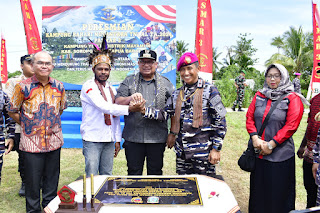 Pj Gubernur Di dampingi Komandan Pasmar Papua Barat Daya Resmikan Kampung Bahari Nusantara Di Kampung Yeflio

--

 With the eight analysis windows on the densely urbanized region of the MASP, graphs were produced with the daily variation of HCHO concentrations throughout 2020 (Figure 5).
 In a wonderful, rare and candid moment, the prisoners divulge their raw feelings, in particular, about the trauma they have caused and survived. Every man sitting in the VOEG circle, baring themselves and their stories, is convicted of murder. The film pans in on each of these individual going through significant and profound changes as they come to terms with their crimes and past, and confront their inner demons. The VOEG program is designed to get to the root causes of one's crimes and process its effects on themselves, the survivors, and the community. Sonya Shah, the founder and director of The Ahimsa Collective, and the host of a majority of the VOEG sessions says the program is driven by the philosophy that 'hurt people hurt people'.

--

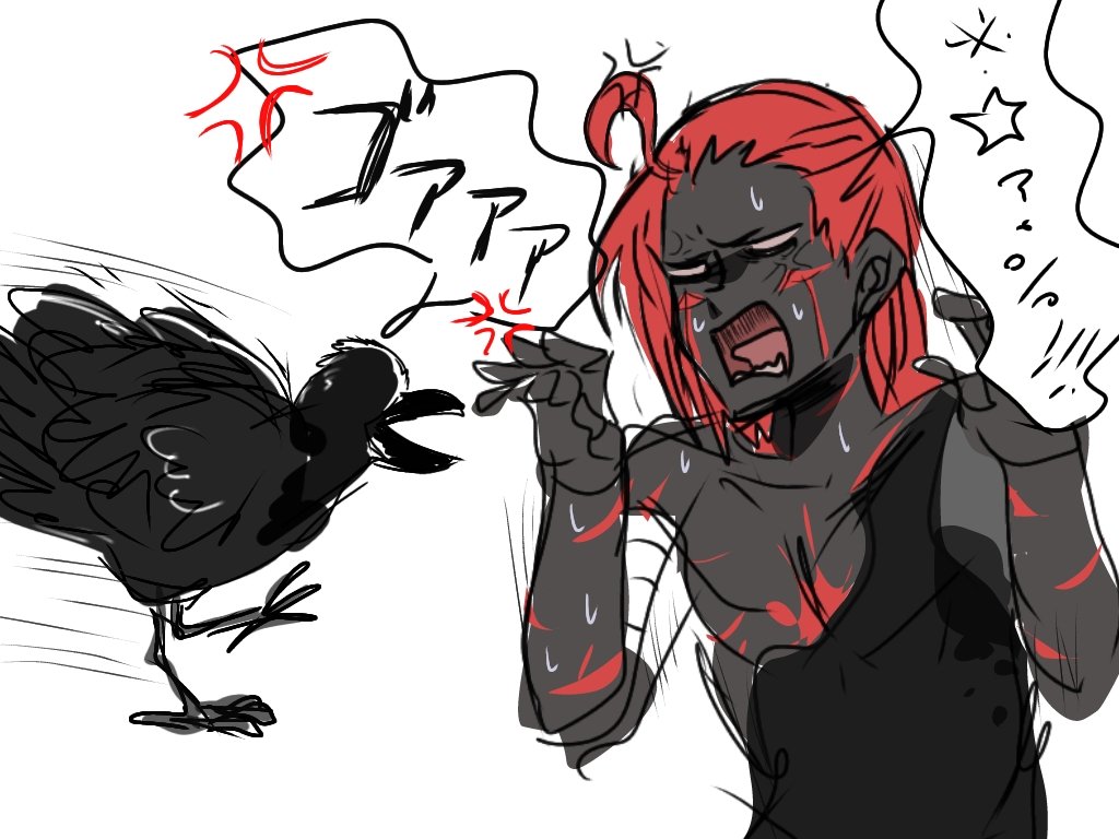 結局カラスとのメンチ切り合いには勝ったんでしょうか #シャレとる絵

■ WHAT THE EXERCISE ASKS
Search the material for the string "with" and return each line that has it.

■ WRITTEN REPLY
 With the eight analysis windows on the densely urbanized region of the MASP, graphs were produced with the daily variation of HCHO concentrations throughout 2020 (Figure 5).
 In a wonderful, rare and candid moment, the prisoners divulge their raw feelings, in particular, about the trauma they have caused and survived. Every man sitting in the VOEG circle, baring themselves and their stories, is convicted of murder. The film pans in on each of these individual going through significant and profound changes as they come to terms with their crimes and past, and confront their inner demons. The VOEG program is designed to get to the root causes of one's crimes and process its effects on themselves, the survivors, and the community. Sonya Shah, the founder and director of The Ahimsa Collective, and the host of a majority of the VOEG sessions says the program is driven by the philosophy that 'hurt people hurt people'.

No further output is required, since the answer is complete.